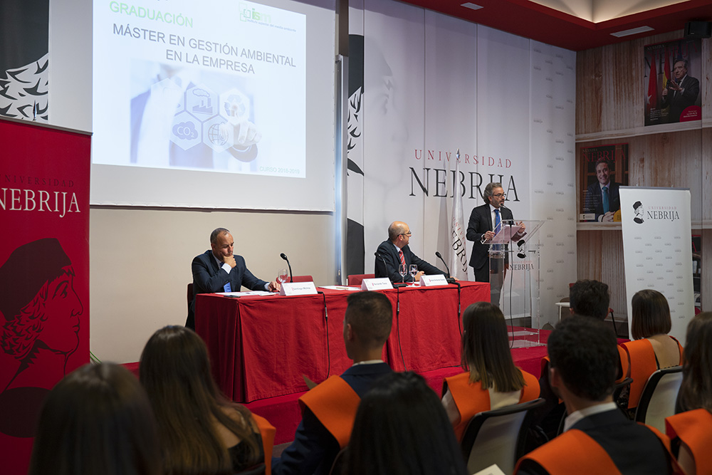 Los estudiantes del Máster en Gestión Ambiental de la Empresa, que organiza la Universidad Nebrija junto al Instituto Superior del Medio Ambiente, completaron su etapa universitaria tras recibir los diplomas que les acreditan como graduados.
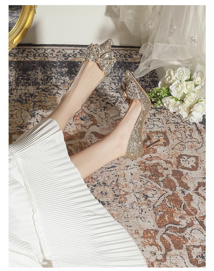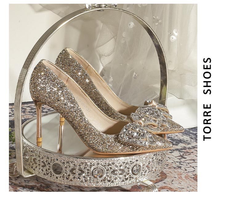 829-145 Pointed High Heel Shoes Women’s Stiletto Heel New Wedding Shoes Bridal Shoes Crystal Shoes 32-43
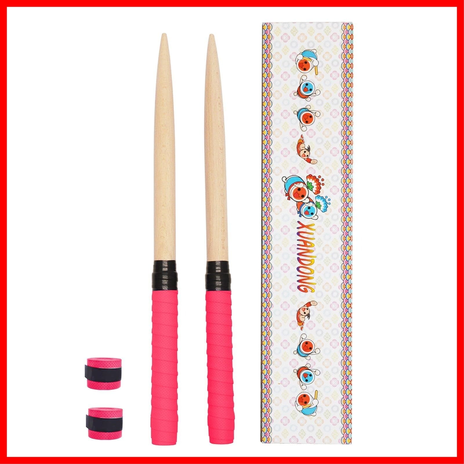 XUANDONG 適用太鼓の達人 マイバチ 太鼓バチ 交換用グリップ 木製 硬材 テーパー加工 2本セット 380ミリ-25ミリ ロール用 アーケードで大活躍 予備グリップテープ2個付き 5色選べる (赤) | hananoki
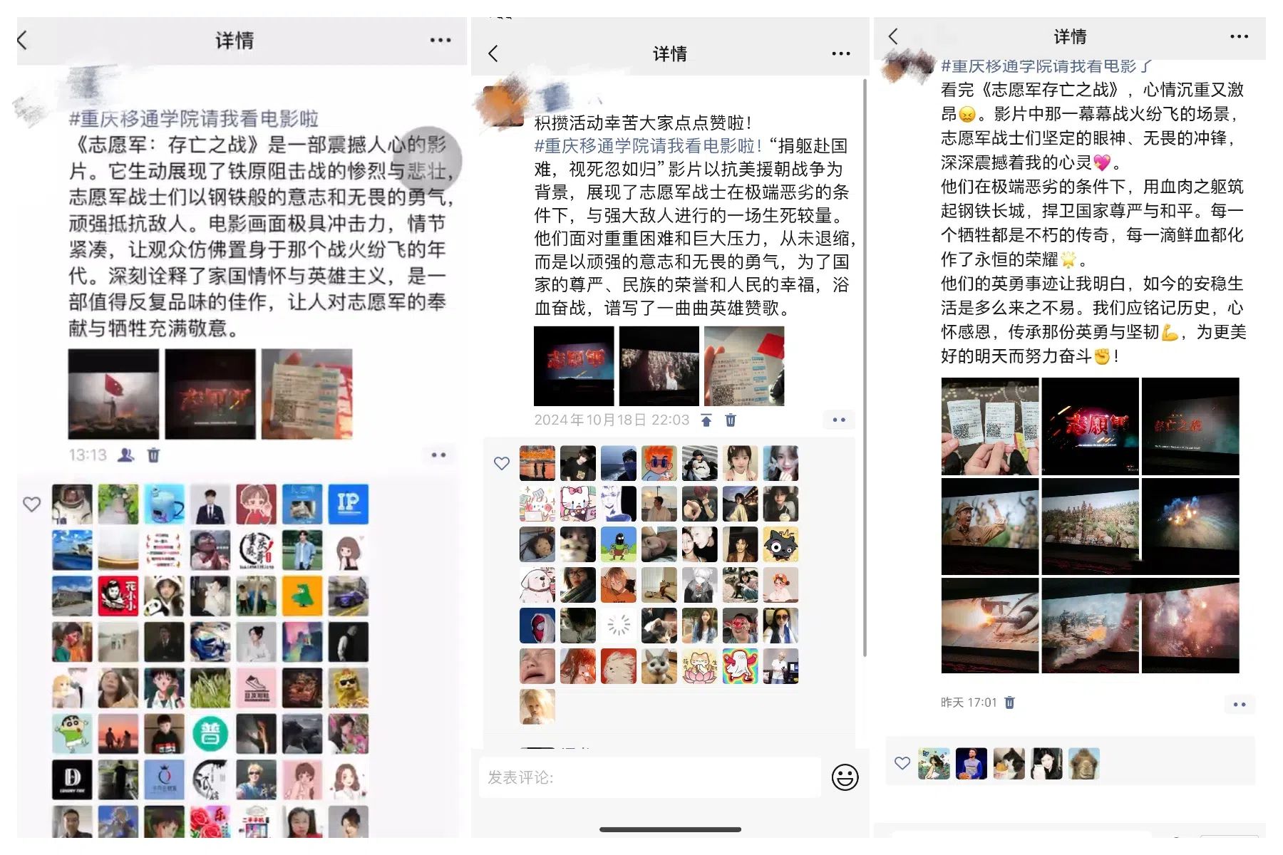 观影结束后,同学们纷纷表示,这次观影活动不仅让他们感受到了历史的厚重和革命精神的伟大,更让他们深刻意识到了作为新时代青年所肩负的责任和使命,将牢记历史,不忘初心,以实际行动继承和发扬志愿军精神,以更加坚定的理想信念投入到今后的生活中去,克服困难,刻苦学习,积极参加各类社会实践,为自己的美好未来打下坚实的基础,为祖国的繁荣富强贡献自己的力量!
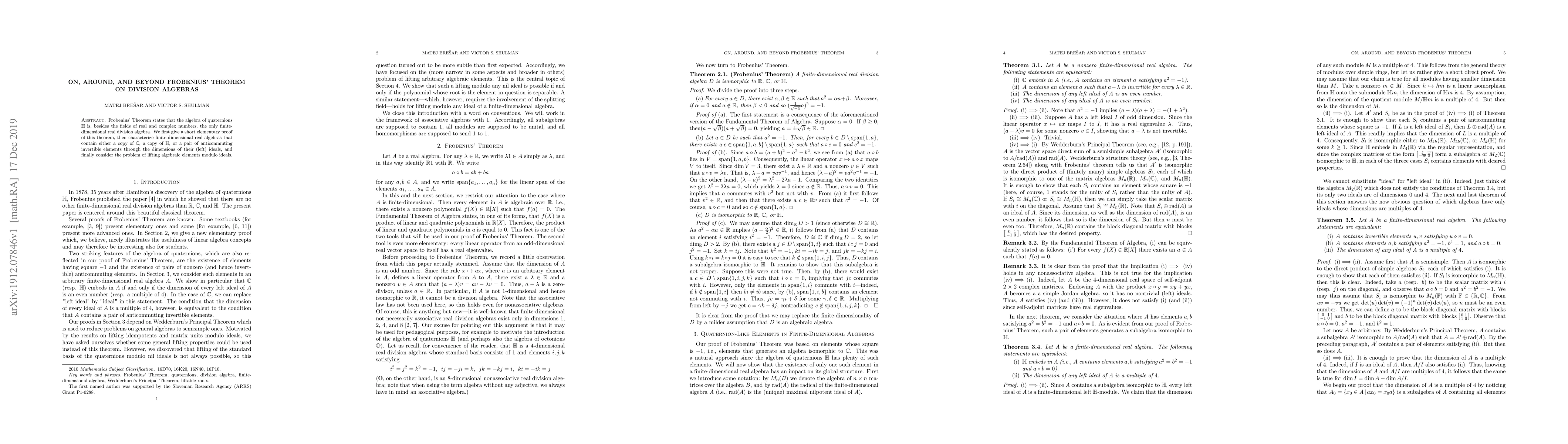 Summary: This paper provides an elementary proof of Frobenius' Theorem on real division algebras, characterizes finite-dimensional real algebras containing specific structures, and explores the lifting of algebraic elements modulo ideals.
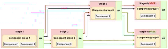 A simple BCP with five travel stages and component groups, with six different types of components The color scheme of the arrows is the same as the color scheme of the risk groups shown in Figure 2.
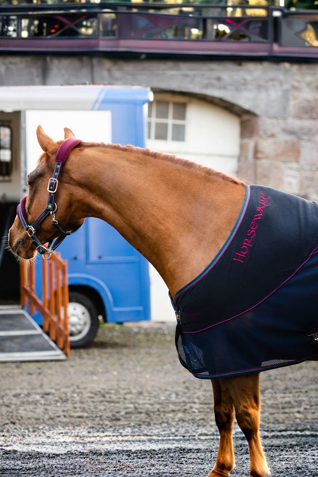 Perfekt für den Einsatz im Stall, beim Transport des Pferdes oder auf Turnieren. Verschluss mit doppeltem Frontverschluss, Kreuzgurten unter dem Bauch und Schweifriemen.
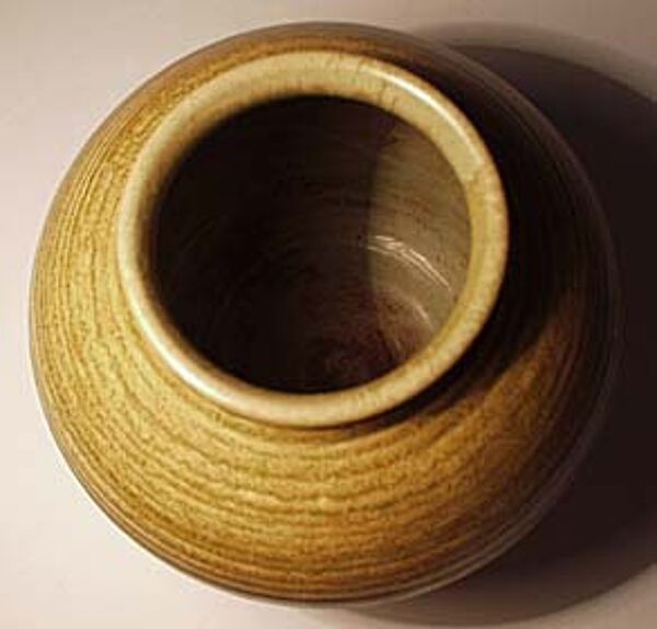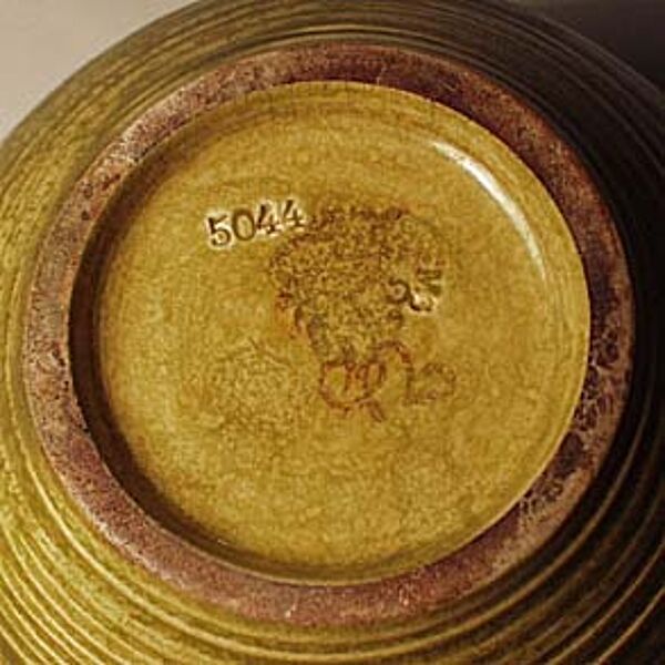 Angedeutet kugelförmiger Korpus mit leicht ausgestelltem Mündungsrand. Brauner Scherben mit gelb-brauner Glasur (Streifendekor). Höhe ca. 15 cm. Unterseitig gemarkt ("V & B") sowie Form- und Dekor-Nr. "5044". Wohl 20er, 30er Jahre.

==

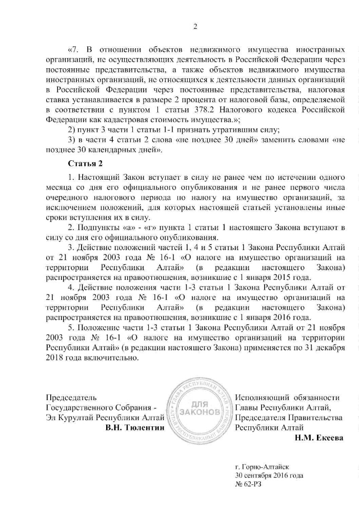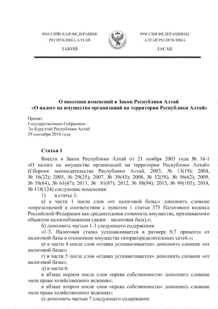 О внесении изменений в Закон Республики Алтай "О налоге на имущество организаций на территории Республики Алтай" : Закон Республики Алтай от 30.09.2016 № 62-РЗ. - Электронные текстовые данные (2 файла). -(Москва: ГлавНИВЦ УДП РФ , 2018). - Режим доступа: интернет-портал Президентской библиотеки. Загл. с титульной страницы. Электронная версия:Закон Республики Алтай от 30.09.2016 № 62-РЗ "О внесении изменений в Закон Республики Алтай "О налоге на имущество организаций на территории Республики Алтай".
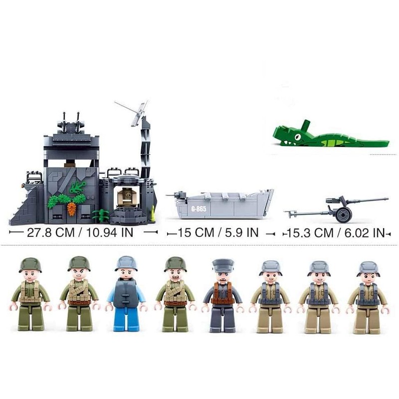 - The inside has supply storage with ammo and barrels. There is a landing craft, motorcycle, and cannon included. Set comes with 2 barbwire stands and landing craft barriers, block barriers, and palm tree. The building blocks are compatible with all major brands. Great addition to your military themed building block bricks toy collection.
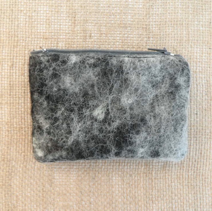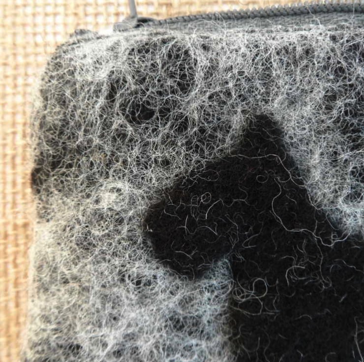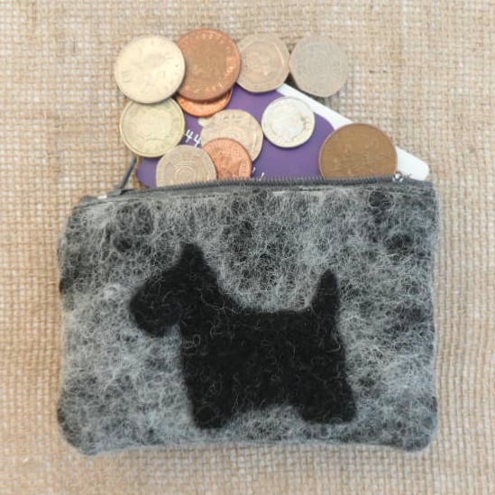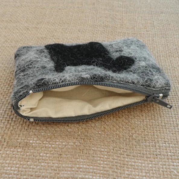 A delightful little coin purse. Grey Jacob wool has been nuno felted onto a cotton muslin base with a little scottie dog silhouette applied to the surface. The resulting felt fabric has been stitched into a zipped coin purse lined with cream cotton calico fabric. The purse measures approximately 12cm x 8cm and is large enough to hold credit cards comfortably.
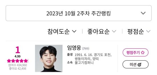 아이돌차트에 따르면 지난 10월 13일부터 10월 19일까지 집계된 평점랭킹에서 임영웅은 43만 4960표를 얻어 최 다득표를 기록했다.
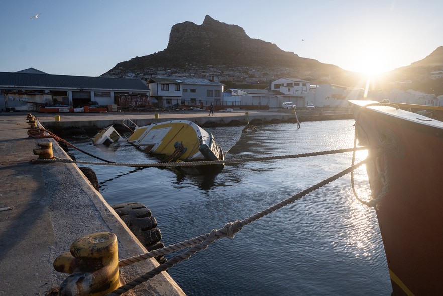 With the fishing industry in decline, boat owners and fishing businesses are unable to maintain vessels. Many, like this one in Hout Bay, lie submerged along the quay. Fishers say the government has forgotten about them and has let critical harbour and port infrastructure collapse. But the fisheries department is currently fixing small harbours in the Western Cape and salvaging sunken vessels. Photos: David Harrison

:: What this task involves ::
Copy the entries above exactly, but only the stretch from the line containing "XUANDONG 適用太鼓の達人 マイバチ" through the line containing "观影结束后,同学们纷纷表示,这次观影活动". Keep both end lines; drop the pictures.

:: Answer to the exercise ::
 XUANDONG 適用太鼓の達人 マイバチ 太鼓バチ 交換用グリップ 木製 硬材 テーパー加工 2本セット 380ミリ-25ミリ ロール用 アーケードで大活躍 予備グリップテープ2個付き 5色選べる (赤) | hananoki
 观影结束后,同学们纷纷表示,这次观影活动不仅让他们感受到了历史的厚重和革命精神的伟大,更让他们深刻意识到了作为新时代青年所肩负的责任和使命,将牢记历史,不忘初心,以实际行动继承和发扬志愿军精神,以更加坚定的理想信念投入到今后的生活中去,克服困难,刻苦学习,积极参加各类社会实践,为自己的美好未来打下坚实的基础,为祖国的繁荣富强贡献自己的力量!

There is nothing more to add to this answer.